From [Wikipedia](https://en.wikipedia.org/wiki/MNIST_database):
> The MNIST database (Modified National Institute of Standards and Technology database) is a large database of handwritten digits that is commonly used for training various image processing systems. The database is also widely used for training and testing in the field of machine learning.

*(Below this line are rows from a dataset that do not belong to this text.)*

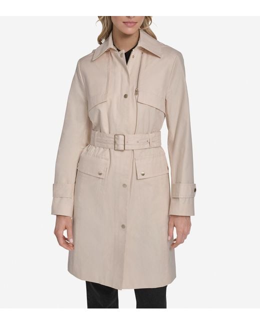 The Belted Trench Coat adapts as quickly as your day does. Zip off the hood when skies clear, cinch the belt for definition, leave it relaxed when you want ease. Water-resistant shell sheds drizzle without feeling rigid or clinical. Wind shields at the collar and hem stop gusts before they cut through. Snap closures secure you fast—no fumbling when the weather turns. Flap pockets keep essentials close. Fully lined so it feels right from first wear, whether you're headed to meetings or dinner after a long day. Measures 37". Cotton blend. Zip-off hood. Zip-front placket with snap closures. Zipper chest pocket feature. Front and back wind shields. Flap body pockets and sleeve tabs. Water-resistant shell and fully lined. Color: natural
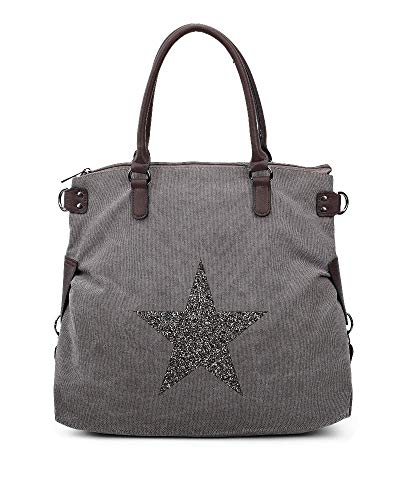 Borsa a tracolla da donna, capiente e grande, con pietre scintillanti a forma di stella, Grigio (Grigio), X-Large
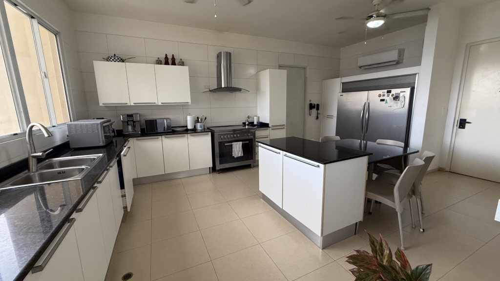El apartamento se entrega con línea blanca (incluyendo refrigeradora doble) y aires acondicionados.
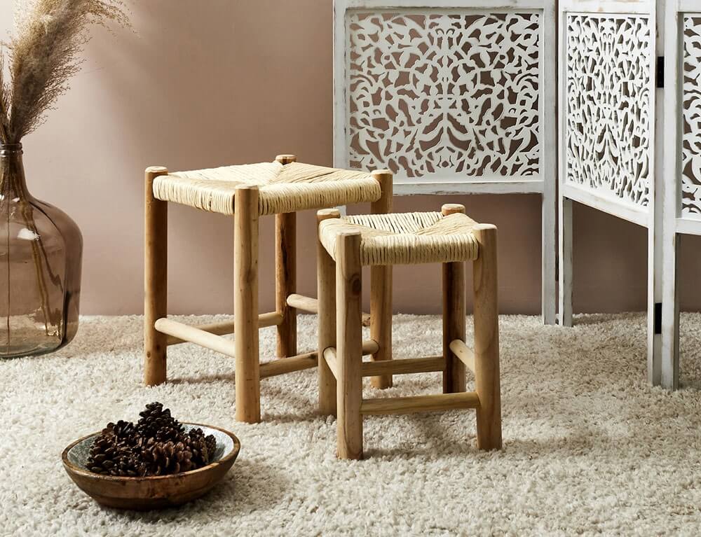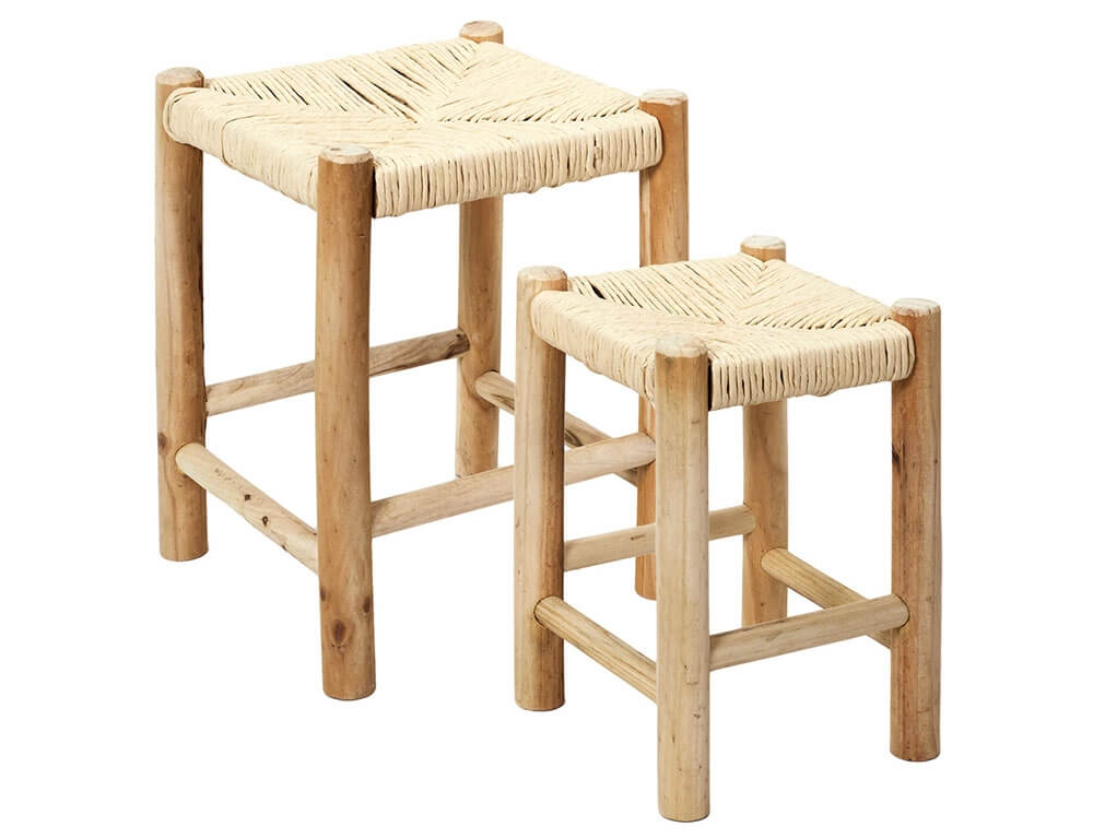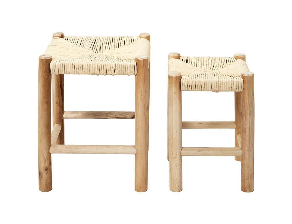 Το σετ με 2 σκαμπώ σε καφέ απόχρωση με πλέξη ψάθας θα δώσει μια boho πινελιά στο χώρο σας. Στηρίζεται σε 4 στιβαρά πόδια από ξύλο paulownia σε καφέ χρώμα που δένουν αρμονικά με το σύνολο. Έχει διακοσμητικό αλλά και χρηστικό χαρακτήρα καθώς μπορείτε να το χρησιμοποιήσετε σαν επιπλέον κάθισμα.
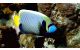 Окраска боков синяя или голубая с близкорасположенными узкими горизонтальными и диагональными жёлтыми полосами, заходящими на спинной и анальный плавники, передняя часть головы белая, через глаза проходит дугообразная чёрная с пурпурным оттенком и синими краями полоса, такого же цвета вертикально вытянутое пятно расположено над грудными плавниками. Передняя часть спины зелёная, верхний край спинного плавника и хвостовой плавник жёлто-оранжевые, брюшные и анальный плавники синие с продольными коричневыми полосами.
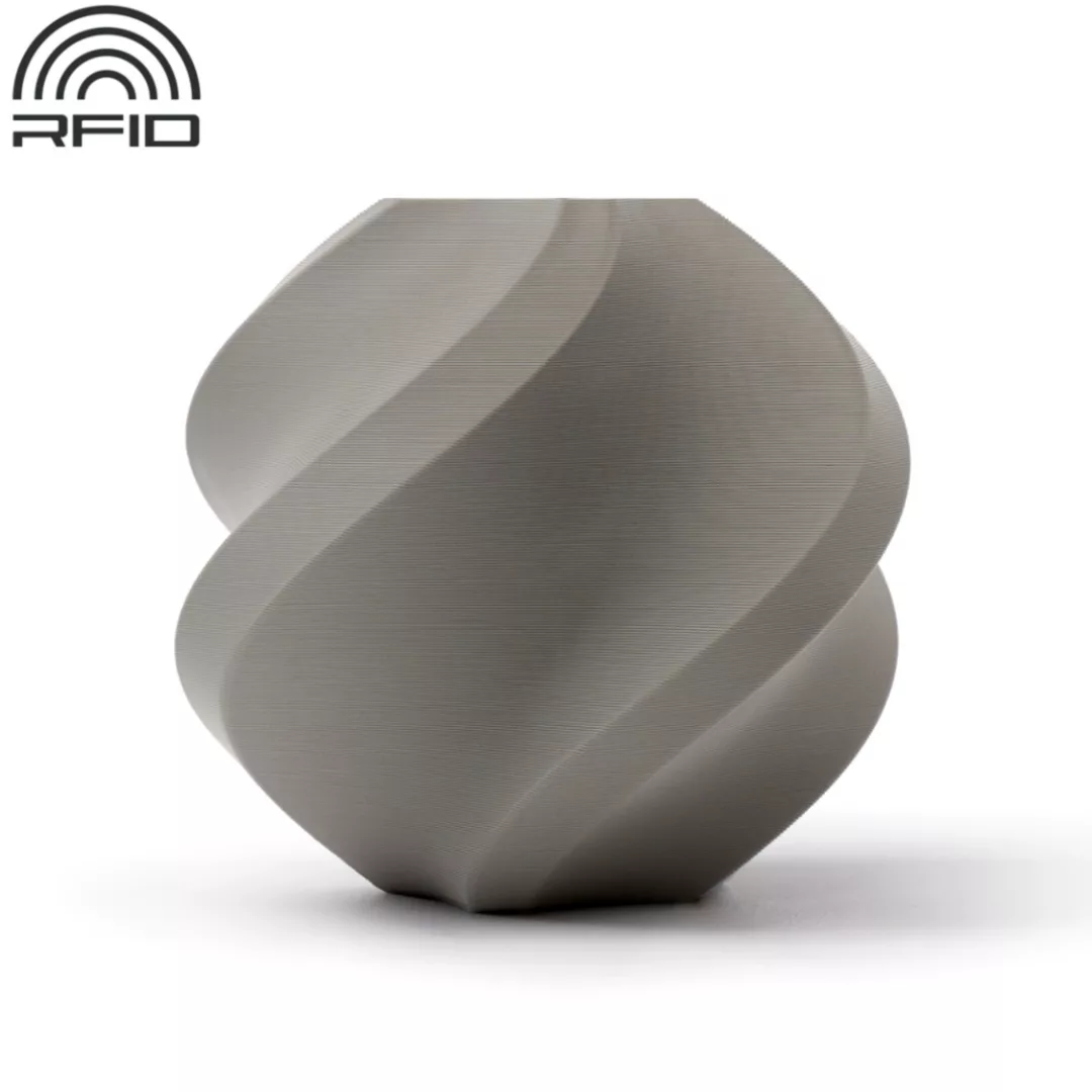 Carrete Bambu Lab con RFID Color gris - Gray (10103) Facil de imprimir y amigable con principiantes. Terminación de superficie suave. Impresión inteligente con RFID* Biodegradable. Diámetro: 1.75mm +/- 0.03mm Peso neto: 1kg *Compatible con sistemas AMS Bambu Lab
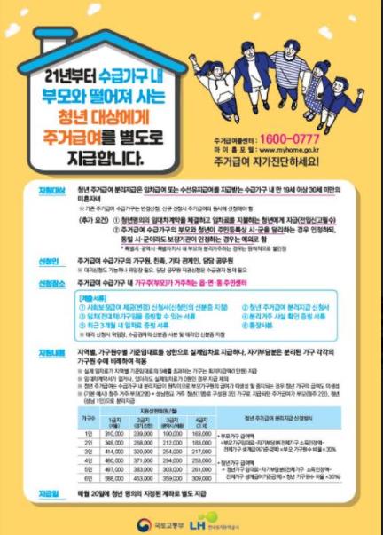 이 제도는 취학과 구직 등을 목적으로 부모와 거주지를 달리하는 20대 청년들에게 주거급여를 분리 지급함으로써 안정적인 자립을 지원하기 위해 추진됐다.
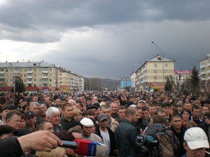 ников митинга, в основном молодёжь, не дождавшись результатов встречи с мэром, отправились блокировать железную дорогу в районе переезда
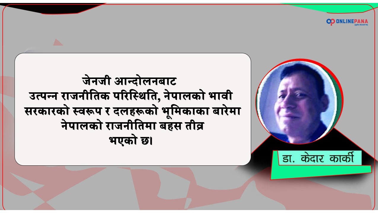 यसैबीच, जेनजी आन्दोलनबाट उत्पन्न राजनीतिक परिस्थिति, नेपालको भावी सरकारको स्वरूप र राजनीतिक दलहरूको भूमिकाका बारेमा नेपालको राजनीतिमा बहस तीव्र भएको छ। सेप्टेम्बर १२ मा प्रधानमन्त्रीको रूपमा शपथ लिएकी सुशीला कार्कीको नेतृत्वमा रहेको अन्तरिम सरकार समयमै चुनाव गराउन प्रतिबद्ध छ, तर यसैबीच, युवा पुस्ता, नेपाली नागरिक समाज र राजनीतिक वृत्तको मनमा धेरै प्रश्नहरू उठेका छन्।
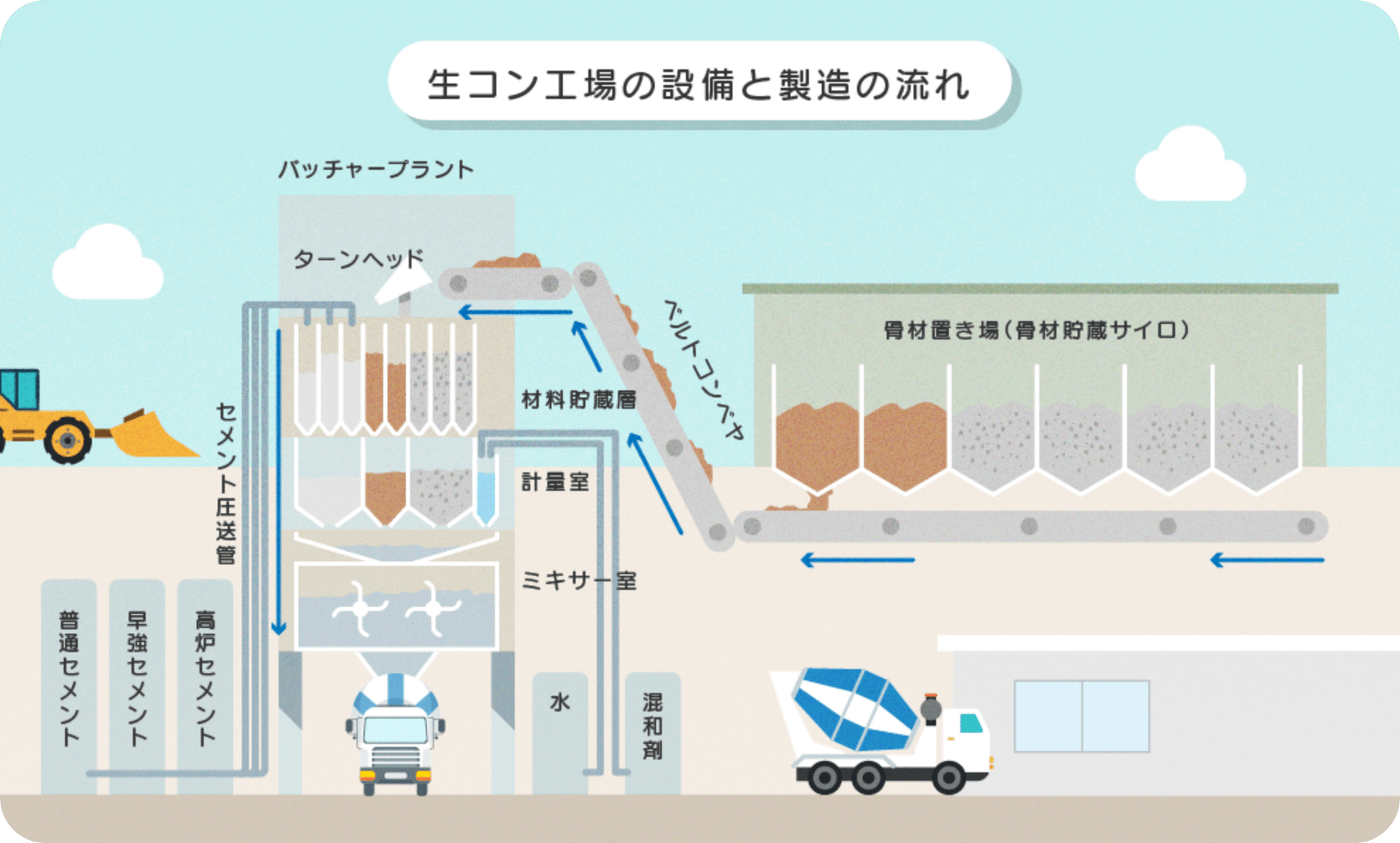 生コン工場のしくみ│生コン工場館:ナマコンパーク。
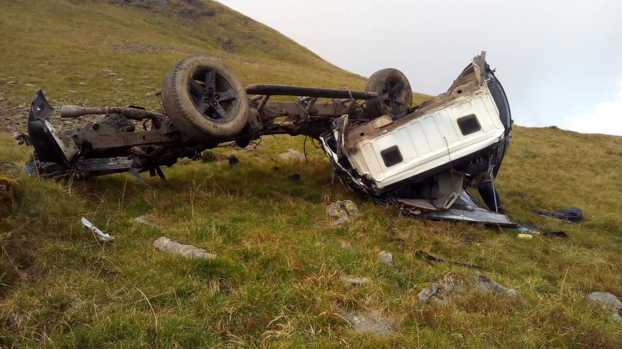 Сегодня утром возле горы Близница (Раховский район) один из туристов, проходил по известному маршруту "Вершина Свидовца" и увидел в ущелье разбит внедорожник.
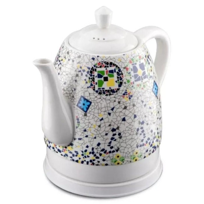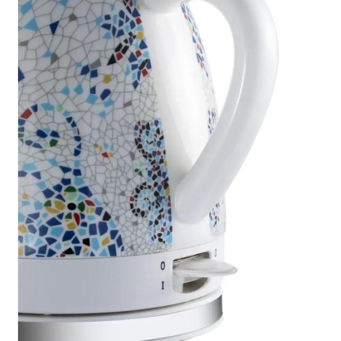 Електричний керамічний чайник Domotec MS-7837 1.4 л 1000 Вт з термозображенням "Мозаїка" - поєднання стилю, практичності та безпеки. Міцний керамічний корпус зберігає тепло довше і надає напоям натурального смаку, а оригінальний візерунок «Мозаїка» робить чайник яскравим акцентом на будь-якій кухні. Ергономічна ручка та знімна кришка забезпечують зручність наливання та догляду за приладом.

From [OpenML](https://www.openml.org/d/554) (the source for this specific data):
> The MNIST database of handwritten digits with 784 features, raw data available at: http://yann.lecun.com/exdb/mnist/. It can be split in a training set of the first 60,000 examples, and a test set of 10,000 examples 

In [None]:
from keras import datasets

In [None]:
# Download MNIST via Keras (requires internet connection)
(X_train, y_train), (X_test, y_test) = datasets.mnist.load_data()

In [None]:
# What does this data look like?
print("X_train:", X_train.shape)
print("X_test:", X_test.shape)
print("y_train:", y_train.shape)
print("y_test:", y_test.shape)
print("One sample from X_train:", X_train[0].shape)

In [None]:
# Visualise some samples
print("Class =", y_train[1])
plt.matshow(X_train[1], cmap=plt.cm.gray)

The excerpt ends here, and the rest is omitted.